The DSCA delegation (Armenia, Azerbaijan, Georgia)

The European Parliament created a "Delegation for relations with the countries of South Caucasus" - the original DSCA delegation - in 1994 to focus on relations with Armenia, Azerbaijan and Georgia, a mere three years years after these countries regained their independence.

In the more than two decades that have passed since, the DSCA Delegation has remained the Parliament's only political body working with elected representatives from the three countries of the South Caucasus.

Relations with the EU

In the early 1990s, the EU negotiated international agreements with all three South Caucasus countries.

These "Partnership and Cooperation Agreements" were signed in 1996 and ratified in 1999. All three agreements contain an article stating:

"A Parliamentary Cooperation Committee is hereby established. It shall be a forum for Members of the [partner's parliament] and the European Parliament to meet and exchange views."

This meant that the members of the European Parliament's delegation focusing on the South Caucasus met their counterparts in a formal structure - a Parliamentary Cooperation Committee - rather than in ad hoc inter-parliamentary meetings.

Divergent paths

All three countries were included in the EU's Eastern Neighbourhood policy (which also covered Belarus, Moldova and Ukraine). The EU began to negotiate new agreements, called "Association Agreements", with Armenia and Georgia. These agreements normally include a free trade area, and usually go into effect along with more relaxed rules on visas.

Over the next years, the paths of the three countries diverged, however.

  • In the case of Azerbaijan, negotiations on an Association Agreement never advanced. Because the country is not a member of the World Trade Organisation, it was also not possible to create an EU-Azerbaijan deep and comprehensive free trade area.
    Since February 2017, however, Azerbaijan and the EU are progressing well on the negotiations on a new, enhanced partnership agreement.

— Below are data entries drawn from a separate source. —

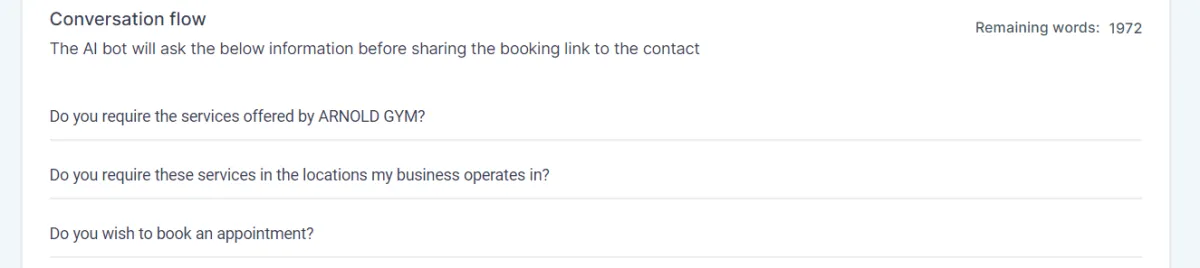 Im Abschnitt "Gesprächsablauf" können Sie den Dialog des AI-Bots mit Ihren Kunden steuern. Er wird die festgelegten Fragen stellen, bevor er den Buchungslink mit dem Kontakt teilt. Die verbleibende Wortanzahl zeigt an, wie viele Wörter Sie noch für diese Dialoganpassung nutzen können.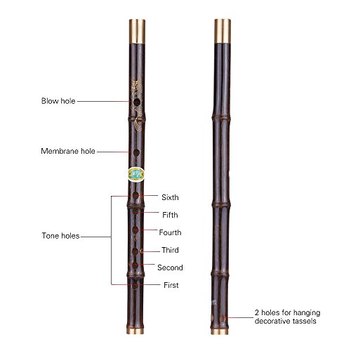 Features: Delicate bamboo flute, G key, easy to play. Quality natural black bamboo, smooth and glossy surface, exquisite copper wrap on two ends. Professional and precise tone holes contributes to the accurate tone, clear and melodious sound. 1 blow hole, 1 membrane hole, 6 tone holes and 2 holes for hanging decorative tassels. Comes with 2 packs of bamboo membrane and Chinese knot.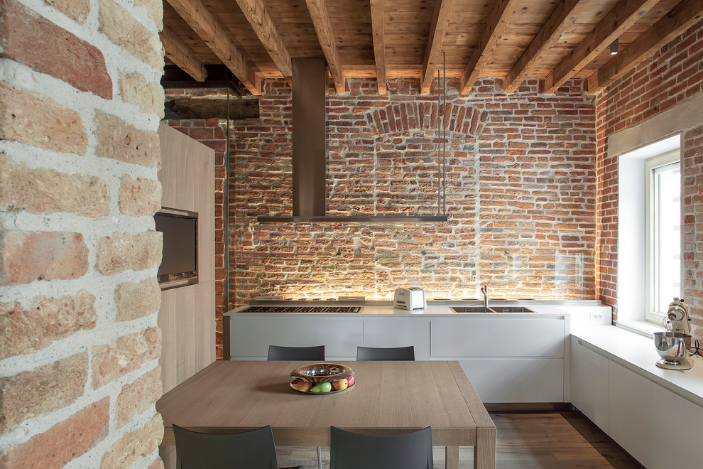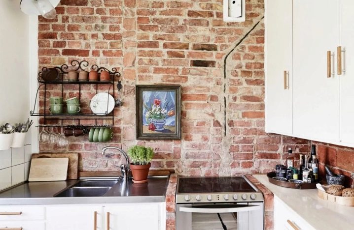 Si les locataires souhaitent ardemment décorer le revêtement intérieur des murs de leur maison sous une brique, ils ne seront pas obligés de recourir à un carrelage décoratif. Après tout, si une maison (privée ou multi-familiale) est construite à l'origine en brique, il suffira de nettoyer les murs des traces de l'ancienne doublure (vieux papier peint et plâtre), puis de polir doucement les bandes de ciment entre les briques. Tel maçonnerie nue sera une décoration minimaliste inhabituelle à la maison.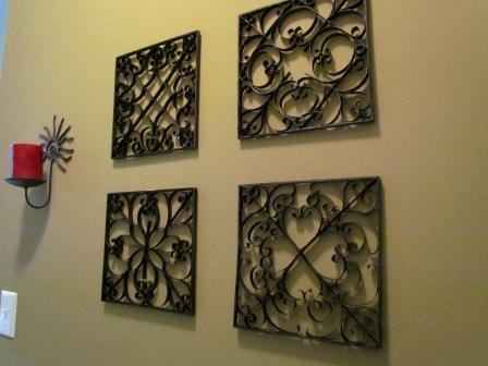 С помощью этих квадратов, я начал, разделив его на четыре равные части, а затем создание той же схеме в каждой части. Я просто создал, как я пошел и использовать конце кисти делать какие-либо завитков необходимости.Как только они были завершены и сухой, я затем спрей рисовал их краской металл-вид. Если вы лично и близко и даже дотрагиваться до них, они выглядят совершенно как металл. Но не стоить почти цене.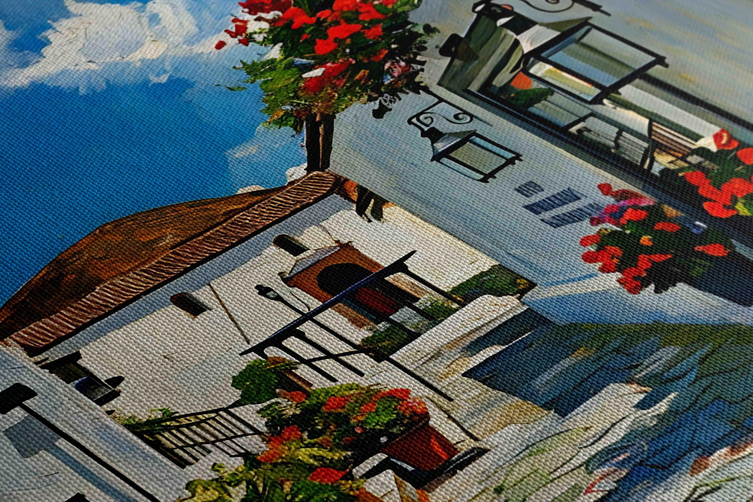 The composition brings warmth and light into any space, making it a natural fit for living rooms, bedrooms, or relaxed work environments. Its balance of color and simplicity connects easily with Mediterranean and coastal interiors.

  • Armenia, on the other hand, did negotiate an Association Agreement with the EU over the course of three years. After an aborted attempt to sign an Association Agreement, due to the former Armenian government's decision to join the Russia-led Eurasian Economic Union in late 2013, the EIU and Armenia initialled negotiations on a new Enhanced and Comprehensive Partnership Agreement (CEPA) in February 2017. The CEPA was signed on the sidelines of the November 2017 Eastern Partnership Summit, held in Brussels. This new agreement which incorporates large sectors of the Association Agreement that had been previously negotiated previously, is also compatible with Armenia's membership of the Eurasian Economic Union. Under the CEPA, the existing EU-Armenia Parliamentary Cooperation Committee has been replaced by a Parliamentary Partnership Committee, with extended powers.

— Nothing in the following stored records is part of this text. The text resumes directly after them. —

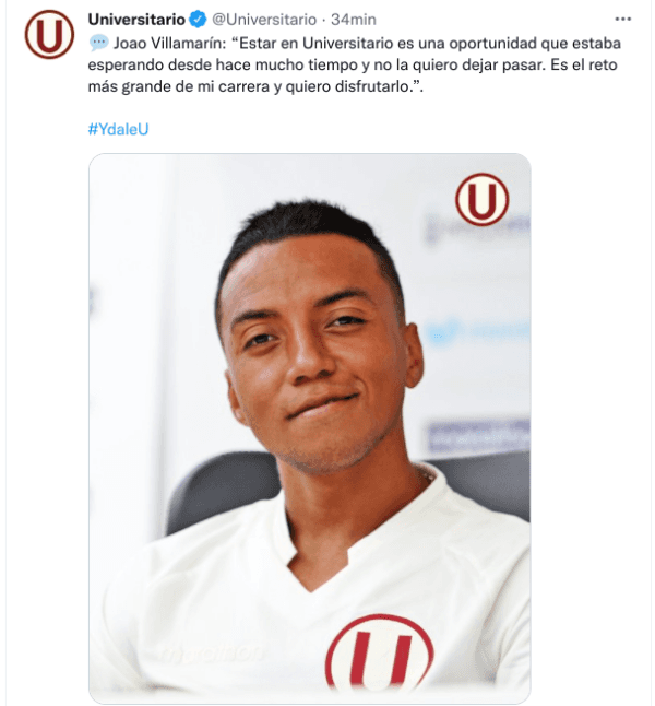 “Estar en Universitario es una oportunidad que estaba esperando desde hace mucho tiempo y no la quiero dejar pasar. Es el reto más grande de mi carrera y quiero disfrutarlo”, comenzó quien agregó: “Siempre quise estar acá y lo voy a asumir de la mejor manera, el club y la hinchada merecen grandes cosas”. “Nunca he prometido goles. Lo que si prometo es esfuerzo y sacrificio”, concluyó ¡Llegaron los refuerzos!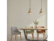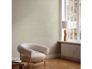 Luxusní vliesové tapety s vinylovém povrchem, geometrické vzory, látkové textura, béžové pololesk. Foto interiéru je pouze ilustrační - odlišné barvy.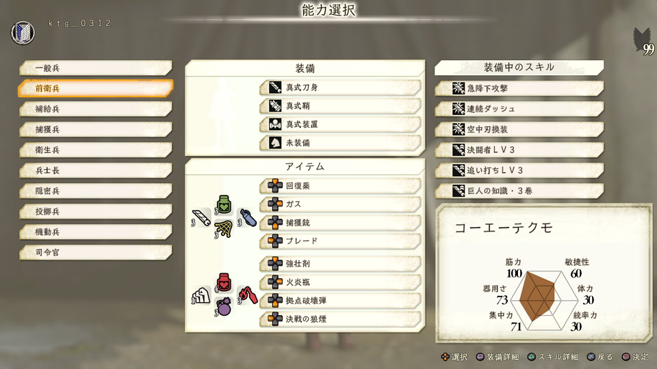 プレイヤーの外見は原作キャラクター、オリジナルキャラクターを含め自由に選択できるが、能力や装備、所有アイテムは、用意された10種類のタイプからひとつを選択する形で、それぞれに設定されたものを駆使して巨人たちに挑むことになる。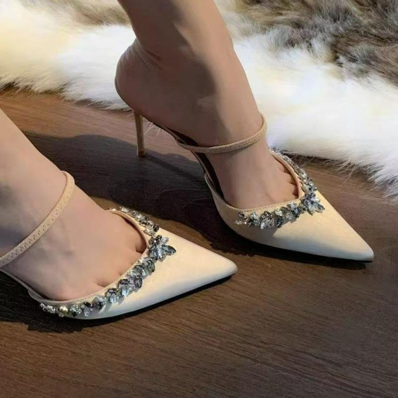 Элегантная женщина шелк блеск кристалл стразы острый носок неглубокие слинбэки летние сандалии каблуки туфли шлепанцы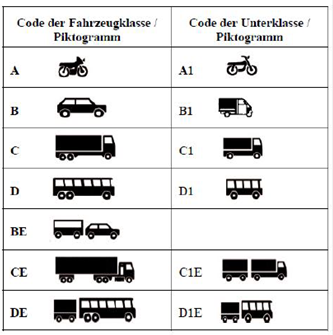 - 8. Der Führerschein kann für die folgenden Fahrzeugklassen ausgestellt werden:

  • The third South Caucasus country, Georgia, was the only one to sign its Association Agreement. The EU-Georgia agreement entered into force in July 2016.
    Because Association Agreements bring their signatories even, the form of parliamentary meetings has also been modified: the former EU-Georgia Parliamentary Cooperation Committee was replaced by a EU-Georgia Parliamentary Association Committee.

Committee meetings

The EU-Georgia Parliamentary Association Committee is expected to meet twice a year, while the EU-Armenia Parliamentary Partnership Committee may meet once or twice a year. The EU-Azerbaijan Parliamentary Cooperation Committee meets normally once per year.